Companion repo at C:\dev\forge_py\ — Python-native simulator that emits Forge-compatible stdout. Used as a fast pre-filter for ranking decks. Optional correlation harness in forge_py_correlation.py runs both engines side-by-side; opt in via COMMANDER_BUILDER_CORRELATE_FORGE_PY=1.

Shared card data at C:\dev\mtg_cards\ (out-of-repo, ~180MB Scryfall bulk + per-card snapshots + Magic Comp Rules). Both projects read via MTG_CARDS_DIR env var with a sensible default.

Where to start when picking this up cold

  1. STATUS.md — current state, open backlog, parked plans
  2. docs/architecture.md — how the pieces fit
  3. python -m pytest tests/ — confirm the suite is green
  4. git log --oneline -10 — what landed most recently

Then either pick an item from STATUS's open backlog or jump into the web app and run a propose-swap end-to-end on one of your decks.

Working principles

These are how the project expects sessions to operate.

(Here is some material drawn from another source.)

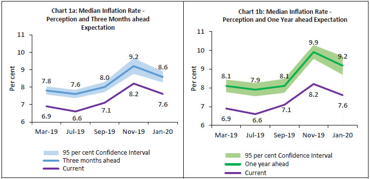 Today, the Reserve Bank released the results of the January 2020 round of the Inflation Expectations Survey of Households (IESH). The survey was conducted in 18 major cities and the results are based on responses from 5,868 urban households. Highlights: i. After a sharp pick up in November 2019, households’ inflation perceptions and expectations moderated in January 2020, though they remained higher than the earlier part of the year. Median inflation expectations over three months and one year horizons eased by 60 basis points and 70 basis points, respectively (Chart 1a, Chart 1b & Table 2). ii. Most households expect that prices will continue to rise. However, the proportion of households expecting increase in food prices has declined, albeit marginally (Table 1a & Table 1b). Note: Please see the excel file for time series data. | Table 1(a): Product-wise Expectations of Prices for Three Months ahead | | (Percentage of Respondents) | | Survey period ended | Dec-18 | Jul-19 | Sep-19 | Nov-19 | Jan-20 | | General | Estimate | SE | Estimate | SE | Estimate | SE | Estimate | SE | Estimate | SE | | Prices will increase | 72.9 | 1.04 | 77.9 | 0.95 | 79.3 | 0.94 | 80.7 | 0.90 | 83.2 | 0.87 | | Price increase more than current rate | 46.2 | 1.14 | 49.8 | 1.15 | 49.0 | 1.23 | 52.4 | 1.22 | 56.1 | 1.16 | | Price increase similar to current rate | 23.3 | 0.96 | 24.7 | 0.98 | 25.1 | 1.04 | 23.4 | 0.96 | 23.4 | 0.91 | | Price increase less than current rate | 3.4 | 0.39 | 3.4 | 0.38 | 5.2 | 0.51 | 4.9 | 0.55 | 3.6 | 0.37 | | No changes in prices | 21.2 | 0.98 | 18.5 | 0.88 | 18.6 | 0.92 | 17.3 | 0.84 | 14.4 | 0.81 | | Decline in prices | 5.8 | 0.46 | 3.6 | 0.39 | 2.1 | 0.29 | 1.9 | 0.26 | 2.4 | 0.31 | | Food Product | | | | | | | | | | | | Prices will increase | 70.7 | 0.98 | 80.0 | 0.87 | 81.4 | 0.86 | 81.8 | 0.80 | 81.7 | 0.80 | | Price increase more than current rate | 42.7 | 1.08 | 48.5 | 1.09 | 52.9 | 1.14 | 54.8 | 1.14 | 56.0 | 1.11 | | Price increase similar to current rate | 22.4 | 0.87 | 25.7 | 1.01 | 21.4 | 0.88 | 21.0 | 0.85 | 20.1 | 0.85 | | Price increase less than current rate | 5.7 | 0.48 | 5.8 | 0.47 | 7.1 | 0.59 | 6.0 | 0.54 | 5.5 | 0.45 | | No changes in prices | 17.2 | 0.79 | 13.8 | 0.75 | 13.2 | 0.78 | 12.3 | 0.65 | 11.2 | 0.67 | | Decline in prices | 12.0 | 0.65 | 6.2 | 0.52 | 5.4 | 0.45 | 5.9 | 0.48 | 7.2 | 0.50 | | Non- Food Product | | | | | | | | | | | | Prices will increase | 67.6 | 1.00 | 73.8 | 0.97 | 74.7 | 0.95 | 75.3 | 0.93 | 77.8 | 0.91 | | Price increase more than current rate | 40.8 | 1.08 | 43.1 | 1.14 | 45.5 | 1.16 | 48.0 | 1.14 | 51.4 | 1.15 | | Price increase similar to current rate | 21.6 | 0.89 | 25.2 | 0.93 | 21.8 | 0.90 | 21.1 | 0.86 | 21.2 | 0.88 | | Price increase less than current rate | 5.3 | 0.47 | 5.5 | 0.46 | 7.3 | 0.57 | 6.1 | 0.53 | 5.3 | 0.43 | | No changes in prices | 20.5 | 0.85 | 20.4 | 0.90 | 20.8 | 0.88 | 20.5 | 0.83 | 17.7 | 0.82 | | Decline in prices | 11.9 | 0.63 | 5.8 | 0.48 | 4.5 | 0.42 | 4.3 | 0.39 | 4.4 | 0.39 | | Household Durables | | | | | | | | | | | | Prices will increase | 56.8 | 1.08 | 57.9 | 1.07 | 56.2 | 1.07 | 55.2 | 1.09 | 60.3 | 1.02 | | Price increase more than current rate | 34.8 | 1.08 | 33.7 | 1.05 | 33.9 | 1.11 | 35.4 | 1.06 | 37.9 | 1.03 | | Price increase similar to current rate | 17.9 | 0.85 | 19.6 | 0.81 | 17.3 | 0.80 | 15.2 | 0.73 | 17.5 | 0.76 | | Price increase less than current rate | 4.1 | 0.39 | 4.6 | 0.41 | 4.9 | 0.45 | 4.6 | 0.44 | 4.8 | 0.43 | | No changes in prices | 24.8 | 0.91 | 28.2 | 0.96 | 28.5 | 0.96 | 29.1 | 0.93 | 26.8 | 0.91 | | Decline in prices | 18.4 | 0.77 | 13.9 | 0.67 | 15.4 | 0.73 | 15.8 | 0.73 | 12.9 | 0.65 | | Cost of Housing | | | | | | | | | | | | Prices will increase | 69.1 | 1.03 | 68.6 | 1.01 | 68.1 | 1.10 | 68.5 | 1.09 | 69.7 | 1.04 | | Price increase more than current rate | 46.5 | 1.06 | 45.2 | 1.04 | 45.2 | 1.23 | 48.3 | 1.19 | 48.4 | 1.10 | | Price increase similar to current rate | 18.2 | 0.79 | 19.4 | 0.82 | 17.9 | 0.81 | 16.4 | 0.77 | 17.3 | 0.74 | | Price increase less than current rate | 4.5 | 0.41 | 4.0 | 0.38 | 5.0 | 0.44 | 3.8 | 0.41 | 4.0 | 0.40 | | No changes in prices | 22.2 | 0.94 | 22.8 | 0.90 | 23.1 | 0.98 | 24.0 | 0.99 | 22.0 | 0.95 | | Decline in prices | 8.6 | 0.57 | 8.6 | 0.58 | 8.7 | 0.59 | 7.4 | 0.53 | 8.3 | 0.54 | | Cost of Services | | | | | | | | | | | | Prices will increase | 65.7 | 1.10 | 66.1 | 1.03 | 63.5 | 1.04 | 65.8 | 1.05 | 72.5 | 0.98 | | Price increase more than current rate | 40.2 | 1.11 | 39.8 | 1.07 | 40.2 | 1.15 | 43.6 | 1.14 | 46.4 | 1.13 | | Price increase similar to current rate | 21.2 | 0.82 | 21.6 | 0.83 | 18.1 | 0.76 | 17.7 | 0.79 | 21.1 | 0.81 | | Price increase less than current rate | 4.3 | 0.41 | 4.7 | 0.42 | 5.3 | 0.45 | 4.5 | 0.46 | 4.9 | 0.43 | | No changes in prices | 28.2 | 1.02 | 28.7 | 0.94 | 31.6 | 1.00 | 29.5 | 1.01 | 23.4 | 0.90 | | Decline in prices | 6.1 | 0.45 | 5.3 | 0.46 | 4.8 | 0.42 | 4.7 | 0.43 | 4.1 | 0.38 | Note: 1. The table provides estimates and standard errors for qualitative responses. 2. Constituent items may not add up to the corresponding total, due to rounding off. | | Table 1(b): Product-wise Expectations of Prices for One Year ahead | | (Percentage of Respondents) | | Survey period ended | Dec-18 | Jul-19 | Sep-19 | Nov-19 | Jan-20 | | General | Estimate | SE | Estimate | SE | Estimate | SE | Estimate | SE | Estimate | SE | | Prices will increase | 83.8 | 0.82 | 83.8 | 0.87 | 87.0 | 0.78 | 89.1 | 0.71 | 88.1 | 0.74 | | Price increase more than current rate | 57.5 | 1.15 | 56.8 | 1.15 | 57.3 | 1.29 | 64.0 | 1.25 | 63.6 | 1.13 | | Price increase similar to current rate | 23.3 | 1.00 | 24.1 | 1.01 | 25.1 | 1.07 | 21.5 | 0.96 | 21.4 | 0.88 | | Price increase less than current rate | 3.0 | 0.37 | 2.9 | 0.35 | 4.6 | 0.47 | 3.6 | 0.44 | 3.2 | 0.37 | | No changes in prices | 11.3 | 0.73 | 12.6 | 0.78 | 10.6 | 0.73 | 8.9 | 0.64 | 9.5 | 0.67 | | Decline in prices | 4.9 | 0.43 | 3.6 | 0.40 | 2.4 | 0.31 | 2.0 | 0

They live in full in docs/architecture.md; the short version:

  1. Verify before assuming. Wrong assumptions wrapped in try/except rot quietly.
  2. Honest pushback over compliant building. Say so if the spec doesn't make sense.
  3. Small, validated steps. Each component built, tested, integrated before the next.
  4. Modularity over cleverness. Clean interfaces > clever inheritance; backends swap at known seams.
  5. No silent failures. Forge can fail many ways; surface errors loudly with actionable messages.
  6. Log everything that could become training data. Phase 3 ML wants structured logs from day one.

License

pyproject.toml reads license = "TBD". Personal-use repo today; adopt MIT (or similar) if the project ever goes public.

About

Closed-loop MTG Commander deck improvement: Forge headless simulation + LLM analyst. WIP — Phase 1A (verifier) only.